For single parents struggling with a parent student loan, it can feel like there’s no way to get ahead. However, single parents can solve the challenge of student debt with the capability, creativity, and grit that they rely on each day.
Here are some ways single parents can tackle student loans – and create more breathing room in their budgets each month.
Single parent, student loans: 5 ways to get ahead
1. Refinance student loans
As a single parent, you’re probably used to economizing and keeping expenses low. But have you considered cutting costs on your student loans? Refinancing to lower student loan rates can be one way to do that.
Rebecca Stevens, a single mom and product owner for Weave Communications, refinanced her student loans more than 10 years ago. She consolidated $10,000 in student loans when rates were at a historic low. Her new 1.50% interest rate helped keep her student loans affordable – even after she divorced and became a single mom.

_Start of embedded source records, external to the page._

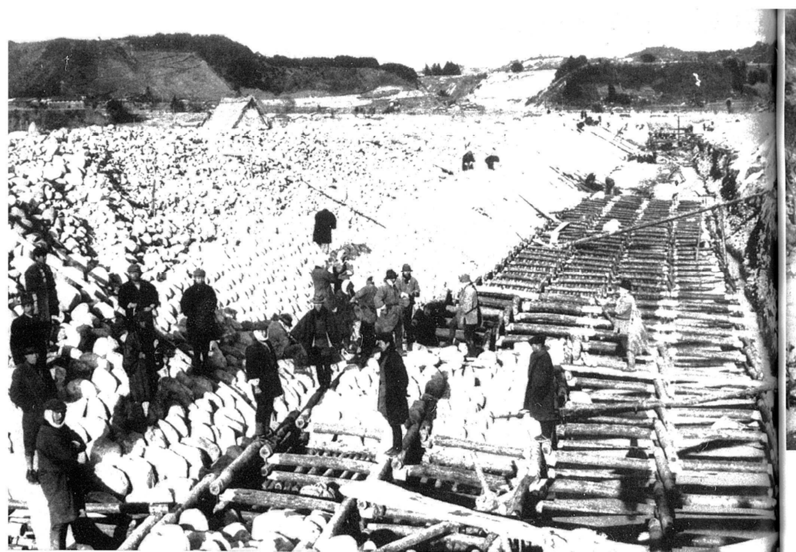
山吹駒場河原の堤防工事 (昭和11年1月30日)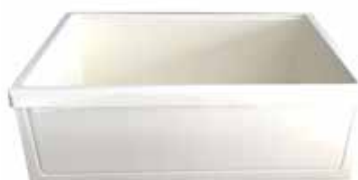
Grand tiroir 600 x 400 x 205 mm Réf : 401030 Encombrement : 3 glissières

Tiroirs à façade jointive qui protègent leur contenu de la poussière et de la lumière. Ils sont munis de butées d'arrêt en fin de course pour prévenir toute chute à l'ouverture, et d'une cornière à l'arrière pour l'accrochage sur rails muraux normalisés.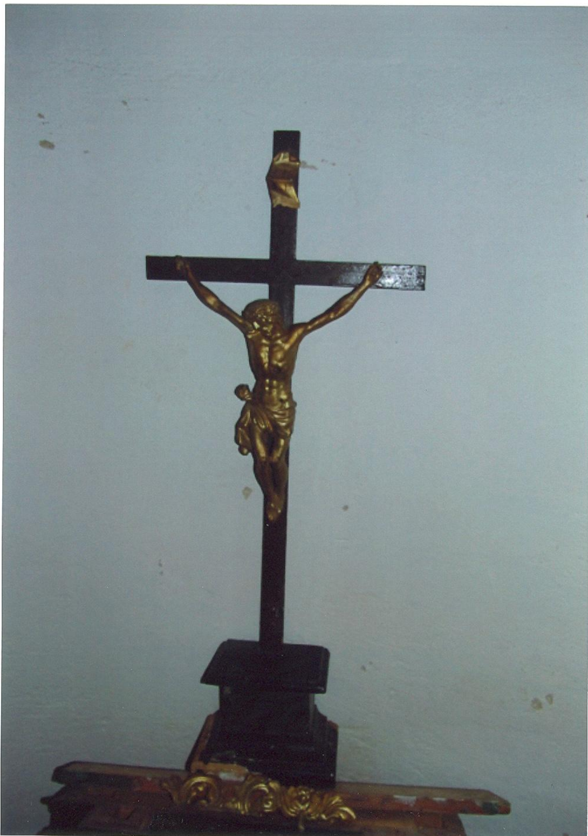
Kříž na svatostánku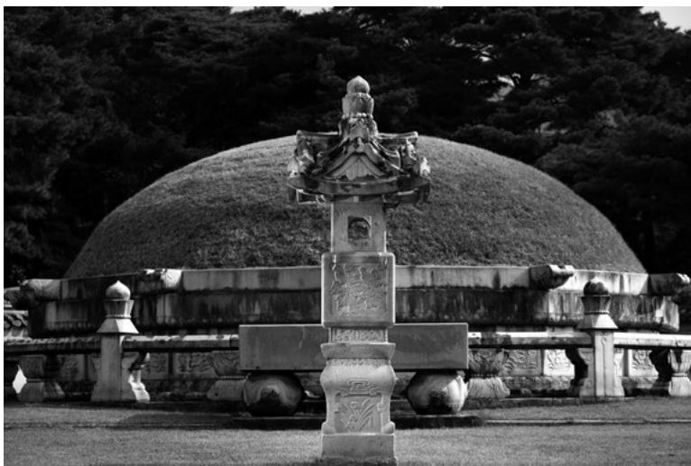
Hongreung és Yureung királyi sírhalom, Szöul mellett, Dél-Korea

Dél-Koreában, Szöul közelében egy ottani ismerősöm vitt el (1999) az akkor még publikum számára nem megnyitott királyi temetőbe (15.–16 sz.), a Hongreung és Yureung sírokhoz. Háromemeletes sírdomb tartalmazta a királyi testeket, mellette egy állatszobrokkal szegélyezett kövezett út vezetett a rituális épülethez.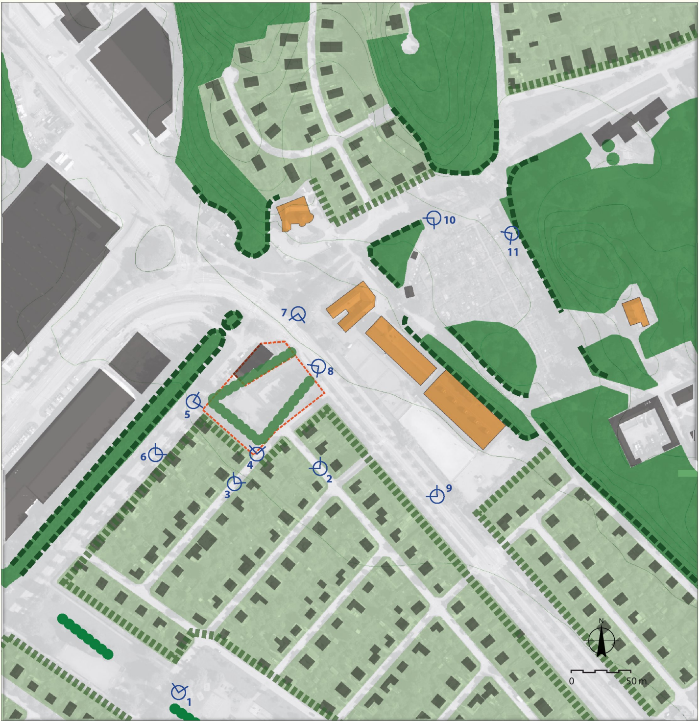
Landskapsstruktur och utblickar

I öster upplevs Enskede ridskolas bebyggelse samt Sankt Sava, serbisk-ortodoxa kyrkan, som bebyggelsefront eller blickfång. Bakom bebyggelsen finns storvuxna solitära träd och skogsbryn vid Enskede gård. Enskedeberget som utgör en grön fond i bakgrunden.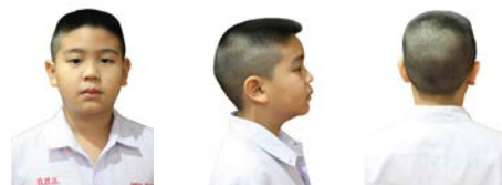
ทรงผมชาย ชั้นประถมศึกษาปีที่ 4 - 6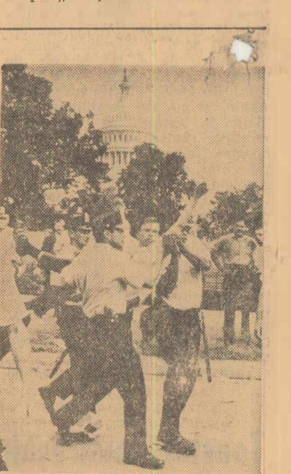
În fața Capitoliului din Washington a avut loc o manifestație împotriva politicii americane în Vietnam. Poziția a intervenit arestând peste 100 de demonstrații

În legătură cu problemele Pieței comune, el a subliniat că „Italia consideră ca sarcină a sa soluționarea dificultăților actuale ale Pieței comune și dorește participarea activă a Franței pentru a asigura activitatea normală a Comunității europene, în vederea înfruntării problemelor interne și a convorbirilor internaționale la care participă „cel șase”.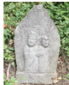
② 太平の双体道祖神 Soutai Dousojin at Taihei 太平集落では小正月にローソクや米をあげて参拝し、五穀豊穡、無病息災を祈願しています。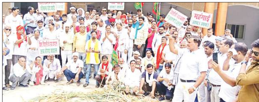
बिजली कटौती को लेकर सूखी फसल दिखा कर प्रदर्शन करते सपाईं। अमृत विचार

बिजली कटौती को लेकर सपाइयों ने जिलाधिकारी को संबोधित ज्ञापन अतिरिक्त मजिस्ट्रेट को सौंपा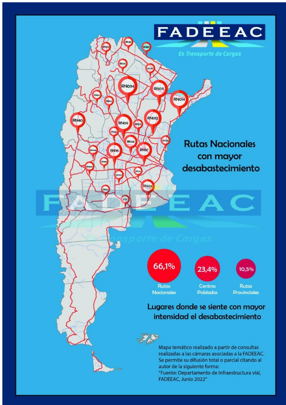
Imagen1. Rutas con mayor nivel de desabastecimiento. El 66,1% corresponde a Rutas Nacionales; el 23,4% corresponde a Centros Poblados y el 10,5% corresponde a Rutas Provinciales.

Today’s student loan rates a bit higher, typically around 5.00 to 6.00%. But single parents whose current student loan rates are higher than that can still save by refinancing. With a lower student loan rate, this debt will cost less.
Refinancing student loans also gives you the opportunity to choose new loan terms. For single parents, refinancing is a chance to choose a student loan repayment schedule that matches their goals.
“When I consolidated my loans, I took out the longest term possible so that my payments would always be low and manageable,” Stevens said. She now pays just $72 a month.
Carefully compare your options before you choose to refinance. Doing so will switch federal student loans to private student loans, which have fewer borrower protections and repayment options. And you’ll need good credit and income to qualify.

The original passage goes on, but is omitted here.